De son côté, la veuve du fils assassiné, qui vit avec leurs deux filles de 4 et 7 ans dans une nouvelle maison, a souligné à quel point son mari était un bon père. 'Nos filles sont conscientes que leur père ne reviendra jamais et pour elles, c'est un choc', a-t-elle relevé. 'Je veux que cet homme soit jugé au plus vite. Je n'ai pas envie de croiser son regard.'
Parmi les autres témoignages, le frère du père disparu a décrit la souffrance et la stérilité relationnelle dans laquelle le drame a plongé toute la famille, jadis si soudée. L'homme a témoigné plus loin que prévu du prévenu, tant sa présence risquait d'attiser sa colère. Il a aussi raconté la panique qui avait saisi le 'clan' lorsque père et fils n'étaient pas rentrés dormir et ne répondaient pas au téléphone la nuit du meurtre.
Pour deux tracteurs
L'origine du drame remonte à une vente de deux tracteurs qui n'a jamais été réalisée. En proie à de graves difficultés financières, l'accusé, qui travaillait depuis dix ans sans véritable salaire dans l'exploitation familiale de son père, était censé livrer ces tracteurs d'occasion à un Macédonien de 47 ans domicilié à Cugy (VD) et à son fils aîné de 23 ans. Ceux-ci lui avaient versé 34'000 francs.
Mais, prétextant des problèmes d'immatriculation dû aux effets de la crise sanitaire sur l'Office de la circulation, l'agriculteur n'a pas livré les véhicules. Et pour cause: ils n'étaient en réalité pas à lui. Quant à l'argent reçu, il l'avait dépensé pour acheter notamment un cheval à sa petite amie et le fusil de chasse qui servira à exécuter ses victimes.

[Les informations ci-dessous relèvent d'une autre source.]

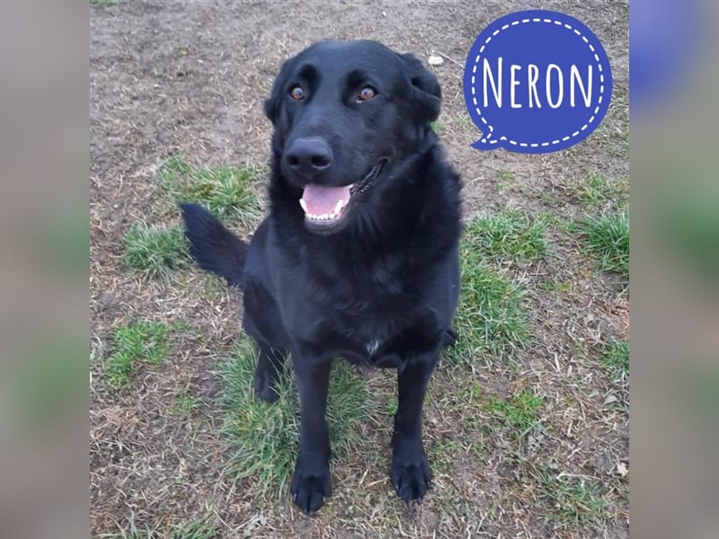 Neron ist ein Bub, er ist ca. 5,5 Jahre alt, wiegt ca. 50kg und ist ca. 64cm groß. Er ist viel zu dick. Vermutet wird ein Labrador (Mix).

Noyé dans une fosse à purin
Pour solder le litige, un rendez-vous avait été fixé le 24 mars 2020 à 20h00 dans le chalet d'alpage isolé que la famille de l'accusé possède à Sorens. C'est là que les choses ont dégénéré. L'accusé dit que l'ainé des Macédoniens l'aurait projeté au sol. Suite à cela, il avait tiré quatre balles sur les deux hommes, les mettant à terre. Puis, à court de munitions, il les avait violemment frappés à la tête avec sa crosse au point de la briser dans le choc.
L'agriculteur avait ensuite placé les corps dans un filet à foin lesté d'une plaque d'égout, puis les avait jetés dans la fosse à purin, alors remplie d'eau, qu'il avait pris soin d'ouvrir avant l'arrivée de ses victimes.
De son propre aveu, il aurait vu des bulles remonter à la surface. Et effectivement, l'autopsie a montré que le père de famille vivait encore à ce moment-là.
Après avoir pris soin de cacher toutes traces de son double crime et de se constituer un alibi, notamment en envoyant divers SMS à sa petite amie ou en se confectionnant une fausse quittance signée de sa victime, l'agriculteur a repris sa vie comme si de rien n'était jusqu'à son arrestation le lendemain soir. Ses aveux avaient suivi presque immédiatement.
Le procès se poursuit
La phase d'instruction se poursuit mardi avec le témoignage du prévenu. Le réquisitoire et les plaidoiries suivront mercredi. Le verdict tombera le 1er mars.